Joanne Kenen, (@joannekenen) AHCJ health reform topic leader
Kenen is a Washington-based writer who specializes in health and health policy. She is leading an effort to provide resources to help AHCJ members cover the complexities of implementing health care reform. Her work has appeared in the Atlantic, The Washington Post, Slate, the Washingtonian, Kaiser Health News, Health Affairs, Miller-McCune, the American Prospect, AARP Magazine and numerous other publications. She was the senior writer for the Health Policy Program at the New America Foundation, and a Kaiser Media Fellow in a 2006-7 , where she wrote extensively about palliative medicine, hospice, and aging. A longtime Reuters correspondent in New York, Florida/the Caribbean, and Washington, she has covered everything from voodoo festivals to U.S. presidential campaigns and she spent more than a decade covering health policy on Capitol Hill. Thanks to her particularly wakeful second son, she is co-author of a parenting book, “The Sleeplady’s Good Night, Sleep Tight.” Earlier in her career, she did a lot of reporting from Latin America, and co-authored a book on Costa Rica.
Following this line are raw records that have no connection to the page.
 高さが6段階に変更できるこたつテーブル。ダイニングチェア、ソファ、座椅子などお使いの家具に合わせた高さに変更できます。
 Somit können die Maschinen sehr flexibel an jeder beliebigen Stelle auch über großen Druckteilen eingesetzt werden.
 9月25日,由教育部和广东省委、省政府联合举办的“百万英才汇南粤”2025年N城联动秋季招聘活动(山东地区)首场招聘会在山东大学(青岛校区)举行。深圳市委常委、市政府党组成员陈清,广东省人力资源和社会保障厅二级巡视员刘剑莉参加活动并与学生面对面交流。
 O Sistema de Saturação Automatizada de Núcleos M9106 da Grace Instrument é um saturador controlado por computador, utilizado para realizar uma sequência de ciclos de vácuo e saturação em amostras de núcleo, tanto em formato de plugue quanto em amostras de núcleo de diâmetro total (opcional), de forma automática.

Jeff Porter, special projects director, AHCJ
Porter became AHCJ special projects director in 2008 after serving six years as the database library director for Investigative Reporters and Editors and the National Institute for Computer-Assisted Reporting. In that position, he conducted and directed data analysis for broadcast and print investigative projects, served as lead instructor for computer-assisted reporting boot camps, and provided journalism training across the United States and overseas. He also has served as a CAR instructor at the Missouri School of Journalism. Previously, he worked 20 years as an award-winning newspaper journalist, served as adjunct college faculty, and co-created and hosted a weekly radio program. His last newspaper job was at the Arkansas Democrat-Gazette, where he served as CAR specialist, combining traditional investigative reporting techniques with advanced data analysis tools.
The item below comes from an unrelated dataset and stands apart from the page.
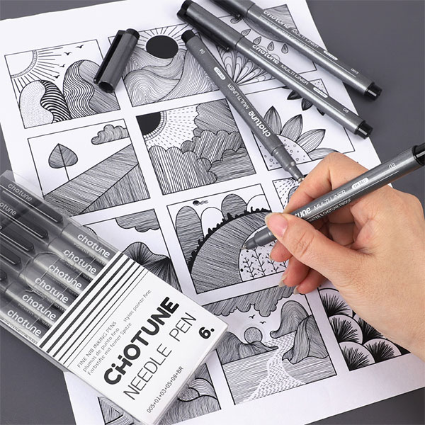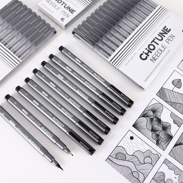 Chotune Interchangeable Nibs Black Needle Marker. Fineliner Pen for black paper, card making, DIY photo albums, metal paint pens, art rock painting, fine nib.We also have chotune brand stocking to better serve our distributors.You can replace the nib yourself. For more information parameters about the Interchangeable Nibs Black Needle Marker, you can contact us.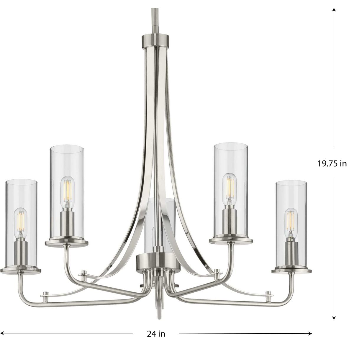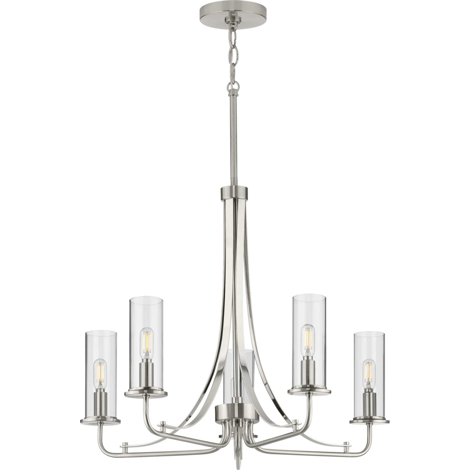 Illuminate your space with the timeless elegance of the Riley 5-Light Brushed Nickel Traditional Chandelier by Progress Lighting. This chandelier combines a sleek brushed nickel finish with clear glass shades, perfect for elevating any room with its refined style. Ideal for dining rooms, kitchens, or foyers, it offers a luxurious ambiance and is versatile for various ceiling heights.

Len Bruzzese, executive director, AHCJ
Bruzzese is the executive director of AHCJ and its Center for Excellence in Health Care Journalism. He is also an associate professor at the Missouri School of Journalism and serves on the executive committee of the Council of National Journalism Organizations. Bruzzese, a founding staff member of USA Today, spent 20 years in daily journalism before entering the nonprofit and academic worlds. He served as deputy director of Investigative Reporters and Editors and the National Institute for Computer-Assisted Reporting for seven years before helping base AHCJ at Missouri in 2005. He is co-author of “The Investigative Reporter’s Handbook,” (fourth edition), and has edited 11 reporter beat books focused on different reporting topics of use to daily journalists. He has won several newspaper and magazine editing awards and was named Outstanding Alumnus in Journalism by the University of Alabama at Birmingham. Bruzzese’s journalism career included writing, editing and management stints at USA Today, The Clarion-Ledger (Jackson, Miss.), the Pensacola News Journal and Gannett News Service (Washington, D.C.). His final daily newspaper position was as editor of The Olympian in Olympia, Wash.